There's no question that the tragic events in Paris underscore the urgency of our campaign to defeat and ultimately destroy ISIL. As President Obama has said, the fight against ISIL will be long -- ISIL is a determined, well-resourced, and brutal enemy that aims to establish branches beyond Iraq and Syria, preying on vulnerable populations. 

This is why, at the President’s direction, the U.S. government for more than a year has executed a comprehensive and sustained strategy to defeat ISIL. Since last summer, we’ve built a global coalition of 65 partners who are working together to degrade and destroy ISIL. 

Highlights of our efforts include:

 

Relentlessly pursuing ISIL leaders and going after attack plotters wherever they are:

In the last week, we have taken strikes against notorious ISIL operative Mohammed Emwazi, aka "Jihadi John", and Abu Nabil, the leader of ISIL in Libya. A terrorist group like ISIL won't be defeated by a single strike, but these operations should be a clear warning to ISIL that we will go after their leadership and networks throughout the world.

Cutting off supply lines and shrinking their safehavens:

We're intensifying our work with local partners in Iraq and Syria to empower them to take the fight to ISIL. In Iraq and Syria, ISIL has lost more than 20-25 percent of the populated territory they once controlled. Over the past month, Iraqi forces have largely taken back the city of Bayji from ISIL control. Just last week, Iraqi Kurdish Peshmerga forces retook the town of Sinjar from ISIL, an important strategic point for ISIL’s supply and communication lines. The global coalition supported the Peshmerga-led offensive with substantial airpower, launching over 50 strikes near Sinjar since November 11. 

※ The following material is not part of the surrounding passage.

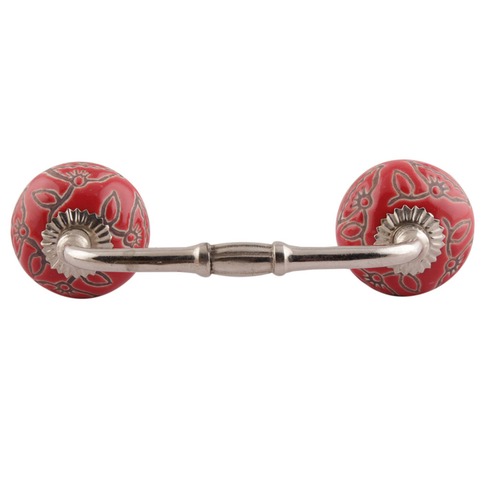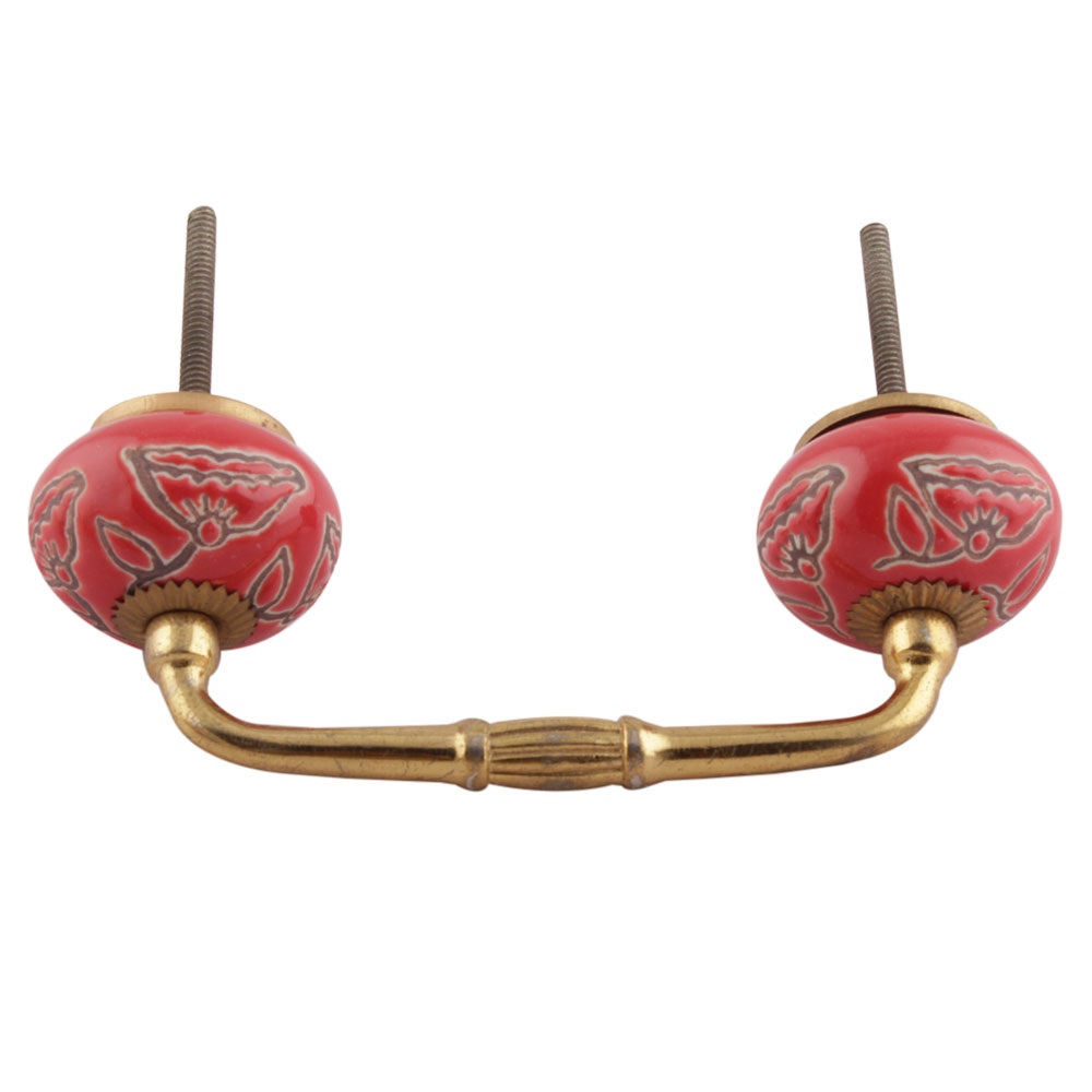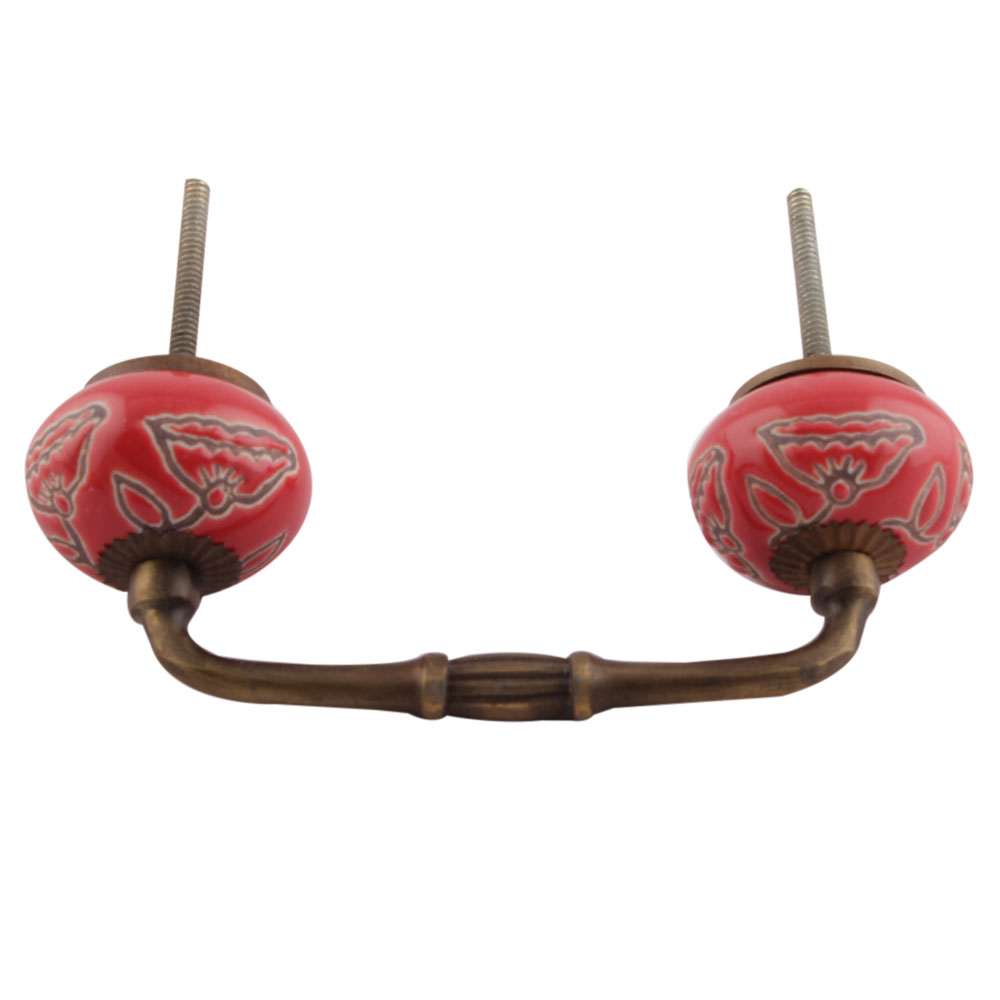 Red Calla Lily Brown Etched Ceramic Bridge Handle. Ideal for Drawer, Dresser, Cabinet, Wardrobe, Cupboard and Almirah etc.

We need to keep denying ISIL foreign fighters and cutting its revenue streams -- including from oil facilities. And, just as we are shrinking their physical safehaven, we need to deny them digital safehaven and support community partners to provide alternative messages from credible voices to counter ISIL’s twisted message.

Enhancing and enabling partners:

We need partners in the fight against ISIL inside Iraq and Syria and around the globe to ensure our gains are sustainable. We are training Iraqi forces and are building the capacity of our partners in northern Syria.  

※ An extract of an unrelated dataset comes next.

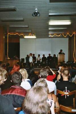 Už by to chtělo také navštívit nějakou přednášku. Napravuji to zhlédnutím přednášky Vulkánci všeobecně. Martin z CZK a Vašek Pravda pak vyhlašují výsledky literární soutěže z prostředí ST Můstek je váš. Následuje trocha ST fanfilmů a pak soutěž Cesta po planetách tří světů – ST, SW a SG, kterou připravila Hana'an. Je to už třetí soutěž, kterou Hana'an pro fanoušky těchto tří fenoménů připravila (předloni to byly Udělátory na Pragoconu a loni Móda na FF). V půl osmé večer začalo s půlhodinovým zpožděním oficiální zahájení Gateconu, kde se příznivci Hvězdné brány dozvěděli, na co se mohou v průběhu Gateconu těšit a byl jim představen tým lidí, kteří Gatecon připravili. Myslím, že zahájení se velmi povedlo, a smekám před organizátory. Z celého Gateconu jsem vlastně viděla jenom to zahájení a byla jsem jím nadšena. Nesmím také zapomenout pochválit výzdobu kina. Brána i obrázky byly skvělé, dokonce se objevil i dr. Zelenka v téměř životní velikosti, i když jenom nakreslený. Alespoň malá útěcha za to, že David Nykl alias dr. Radek Zelenka nemohl bohužel do Chotěboře přijet. Večer vyvrcholil soutěží o nejlepší kostým, volbou Miss Avalconu a tombolou. V kostýmech vyhrála Padmé, o druhé místo se dělil E-Wan s Xyll (Jana) a čtvrtý skončil Samuel (Martin), takže CZK nepřišlo zkrátka. Měli jsme možnost zhlédnout i "výsledky práce" Vlada Taupeše, režiséra, herce a odborníka na zvláštní filmové efekty a filmové masky. Zombík a Gandalf byli naprosto úžasní. Rovněž Silver, coby raněný voják, nešel přehlédnout. Po volbě miss se na chvíli dostala ke slovu kapela v čele s Rybininem. Takticky jsme opustili sál a vrátili se až na tombolu. Zadařilo se, vyhrála jsem tašku na notebook. :-) Večer se opravdu vydařil. Jediné, co se trochu spiklo proti návštěvníkům, bylo počasí. Měl to být den, kdy mělo být venku tržiště a probíhat šermířské souboje. Už ráno začalo pršet a lilo téměř nepřetržitě celý den. Zákon schválnosti zafungoval neomylně...
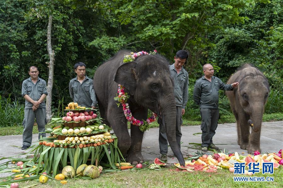 8月12日,在西雙版納傣族自治州亞洲象種源繁育及救助中心,救助象“羊妞”在自己的生日會上。新華社記者 陳欣波 攝

Pushing for a political solution:

We’re also making in-roads in improving inclusive governance in Iraq, and with a group of other nations, working toward a negotiated settlement in Syria to end a conflict that has cost a quarter million lives and displaced millions of people in the region. Because ultimately, a political solution that addresses the chaos that has fueled ISIL’s rise offers the only sustainable path to the group’s ultimate defeat. 

Though we've made progress in the fight against ISIL, it remains a very serious global threat. The tragedies in Paris and Beirut and the bombing of Metrojet 9268 make clear that we must continue to relentlessly press the group on all fronts until it is destroyed.